In your email, please include

  • Scanned copies of:
    • completed, but unsigned DS-2029 form
    • marriage certificate, if parents are married
    • the child’s Israeli birth certificate
    • parents’ passports (biographical data page) 
  • Two preferences for an appointment date (M-F, 8am-845am, except scheduled closures)
  • If you would like to renew the passport applications of your other children at this appointment, we will accommodate this request. You must include the full name (first, middle, last name) and Date of Birth of each additional child who will apply for a passport at this appointment.  You will need to complete form DS-11 and provide all accompanying documentation in order to qualify at the time of the interview. Please review the minor passport renewal requirements. If you come unprepared, you may be asked to reschedule your appointment.

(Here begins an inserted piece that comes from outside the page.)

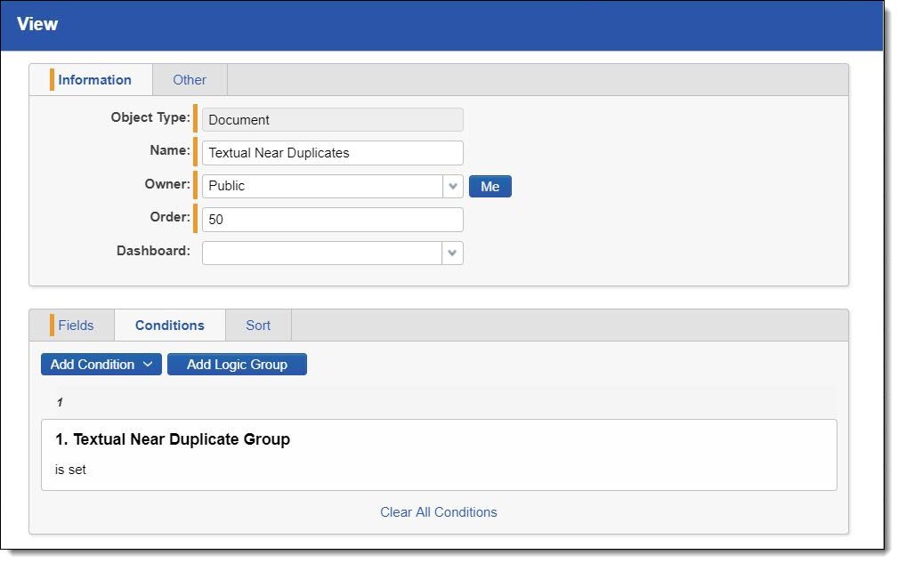 2. Add a condition to only show documents where the Textual Near Duplicate Group field is set.

We will review your forms quickly to determine if they are complete. If so, we will schedule an expedited appointment for you.


Day of Your Appointment

  • Review our security procedures before your visit.
  • Please arrive at the Embassy at least 15 minutes before your appointment time. If you are more than 30 minutes late to your appointment, you will be required to schedule another appointment.
  • Please bring:
    • Unsigned DS-2029, original documentation, and any supplemental information.
    • Passport Application Form DS-11 (if applying for a passport.)
    • Correct fees.
    • Photos – we do not have a photographer at the embassy.
    • A completed application for a Social Security number and card, Form SS-5, which we will send on your behalf after the CRBA has been processed.
    • Select a delivery option.


Options for Parents Unable to Transmit U.S. Citizenship to Child

A consular officer will inform you of the decision regarding your child’s application.  If a parent has not accrued sufficient physical presence in the U.S. to transmit his or her U.S. citizenship to the child, the child will be denied a Consular Report of Birth Abroad.  However, there are still options for obtaining U.S. citizenship:

  • Under the Child Citizenship Act of 2000 (INA section 320), a U.S. citizen parent may file an immigrant visa petition for the child (IR2, biological child of a U.S. citizen). If the child is approved an immigrant visa and enters the U.S. on this visa before turning 18 years old, he/she will automatically become a U.S. citizen upon residing in the United States.
  • Under INA section 322, U.S. citizen grandparents may transmit U.S. citizenship to their grandchildren, provided the grandparents satisfy the statutory requirements.